◆ STUDY MATERIAL
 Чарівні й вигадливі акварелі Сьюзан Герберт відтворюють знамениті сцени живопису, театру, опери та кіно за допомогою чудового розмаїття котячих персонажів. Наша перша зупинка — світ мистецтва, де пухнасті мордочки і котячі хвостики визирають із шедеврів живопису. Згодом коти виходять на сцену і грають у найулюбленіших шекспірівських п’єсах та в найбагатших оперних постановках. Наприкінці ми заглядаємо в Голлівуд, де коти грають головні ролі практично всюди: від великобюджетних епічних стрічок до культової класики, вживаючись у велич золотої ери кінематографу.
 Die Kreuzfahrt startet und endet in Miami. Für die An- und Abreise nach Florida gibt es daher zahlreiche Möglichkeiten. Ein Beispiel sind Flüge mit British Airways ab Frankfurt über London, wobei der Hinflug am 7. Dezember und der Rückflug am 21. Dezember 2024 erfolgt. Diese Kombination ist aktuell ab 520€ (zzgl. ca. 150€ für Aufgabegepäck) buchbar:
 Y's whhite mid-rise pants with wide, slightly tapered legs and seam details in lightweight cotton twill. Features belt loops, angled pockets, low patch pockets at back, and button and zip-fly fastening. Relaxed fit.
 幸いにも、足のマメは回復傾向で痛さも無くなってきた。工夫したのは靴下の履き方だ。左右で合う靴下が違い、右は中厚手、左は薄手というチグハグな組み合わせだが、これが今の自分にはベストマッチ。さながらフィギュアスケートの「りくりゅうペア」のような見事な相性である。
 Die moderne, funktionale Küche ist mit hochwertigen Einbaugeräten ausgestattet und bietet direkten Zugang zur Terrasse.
==
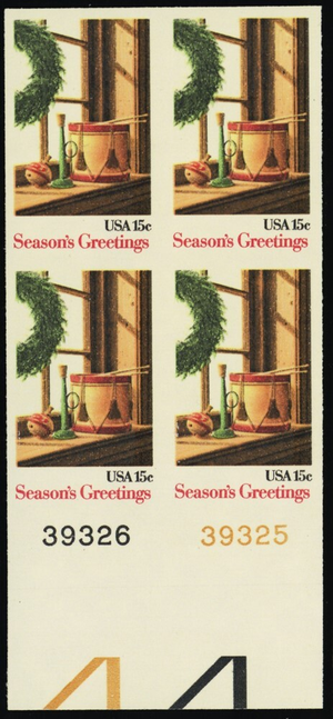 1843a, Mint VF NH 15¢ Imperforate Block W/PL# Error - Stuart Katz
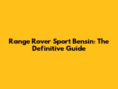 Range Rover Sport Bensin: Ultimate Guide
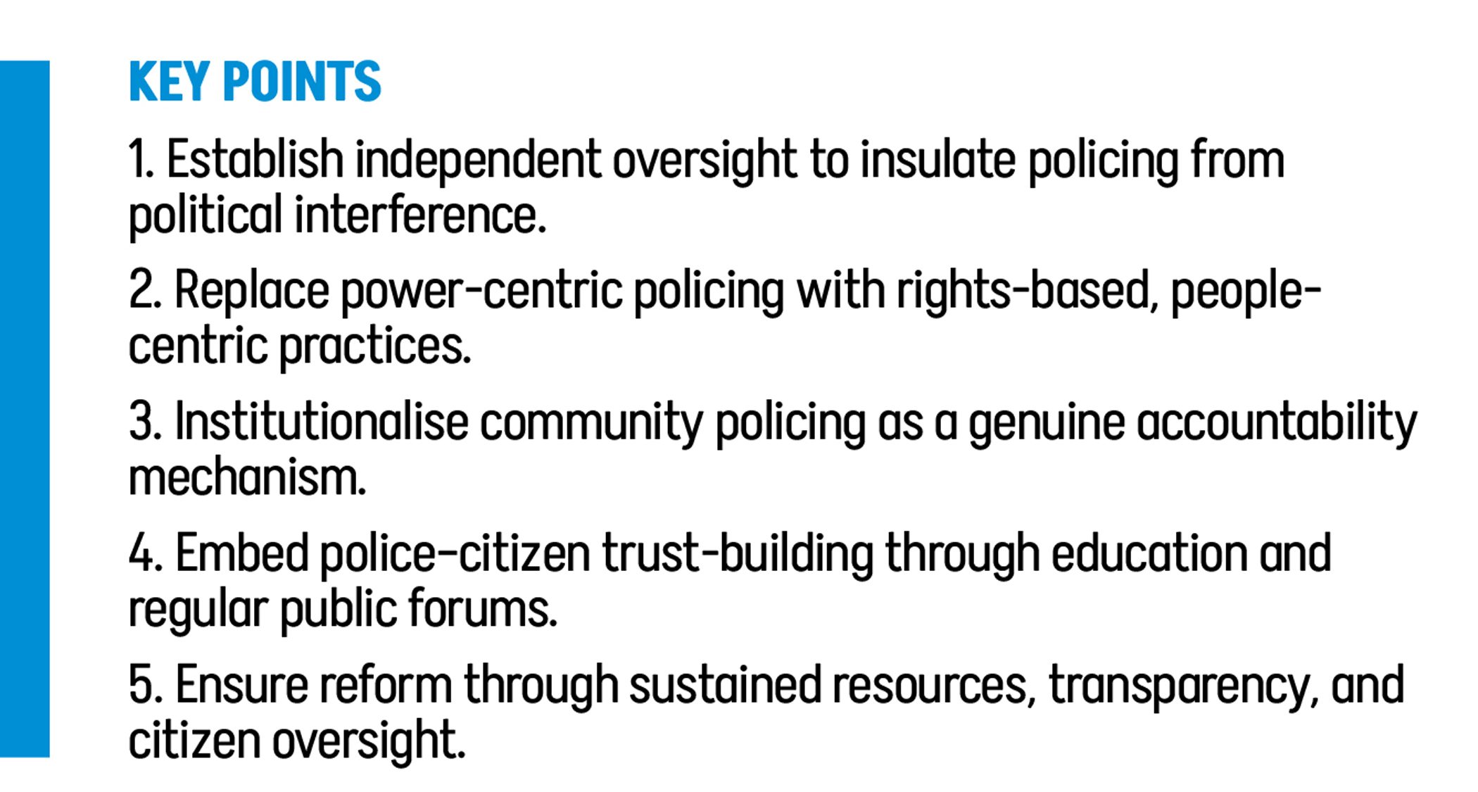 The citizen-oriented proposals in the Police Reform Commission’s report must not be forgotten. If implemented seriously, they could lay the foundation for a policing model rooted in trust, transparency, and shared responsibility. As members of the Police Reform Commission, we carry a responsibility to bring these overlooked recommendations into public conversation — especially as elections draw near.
--
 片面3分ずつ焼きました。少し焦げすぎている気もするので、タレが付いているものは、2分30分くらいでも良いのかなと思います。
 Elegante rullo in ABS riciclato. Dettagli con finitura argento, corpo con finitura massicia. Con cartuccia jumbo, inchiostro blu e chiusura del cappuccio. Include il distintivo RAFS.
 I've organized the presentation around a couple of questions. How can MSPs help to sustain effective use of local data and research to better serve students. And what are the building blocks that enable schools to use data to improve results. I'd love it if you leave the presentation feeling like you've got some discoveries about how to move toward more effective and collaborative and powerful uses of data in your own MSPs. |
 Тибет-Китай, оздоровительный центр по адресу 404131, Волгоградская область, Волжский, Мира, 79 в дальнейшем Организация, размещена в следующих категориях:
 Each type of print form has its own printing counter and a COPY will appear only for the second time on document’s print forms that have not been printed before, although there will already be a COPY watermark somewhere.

◆ EXERCISE DESCRIPTION
Return only the lines between the one holding "Чарівні й вигадливі" and the one holding "Die moderne, funktionale", inclusive, exactly as they appear above.

◆ TASK SOLUTION
 Чарівні й вигадливі акварелі Сьюзан Герберт відтворюють знамениті сцени живопису, театру, опери та кіно за допомогою чудового розмаїття котячих персонажів. Наша перша зупинка — світ мистецтва, де пухнасті мордочки і котячі хвостики визирають із шедеврів живопису. Згодом коти виходять на сцену і грають у найулюбленіших шекспірівських п’єсах та в найбагатших оперних постановках. Наприкінці ми заглядаємо в Голлівуд, де коти грають головні ролі практично всюди: від великобюджетних епічних стрічок до культової класики, вживаючись у велич золотої ери кінематографу.
 Die Kreuzfahrt startet und endet in Miami. Für die An- und Abreise nach Florida gibt es daher zahlreiche Möglichkeiten. Ein Beispiel sind Flüge mit British Airways ab Frankfurt über London, wobei der Hinflug am 7. Dezember und der Rückflug am 21. Dezember 2024 erfolgt. Diese Kombination ist aktuell ab 520€ (zzgl. ca. 150€ für Aufgabegepäck) buchbar:
 Y's whhite mid-rise pants with wide, slightly tapered legs and seam details in lightweight cotton twill. Features belt loops, angled pockets, low patch pockets at back, and button and zip-fly fastening. Relaxed fit.
 幸いにも、足のマメは回復傾向で痛さも無くなってきた。工夫したのは靴下の履き方だ。左右で合う靴下が違い、右は中厚手、左は薄手というチグハグな組み合わせだが、これが今の自分にはベストマッチ。さながらフィギュアスケートの「りくりゅうペア」のような見事な相性である。
 Die moderne, funktionale Küche ist mit hochwertigen Einbaugeräten ausgestattet und bietet direkten Zugang zur Terrasse.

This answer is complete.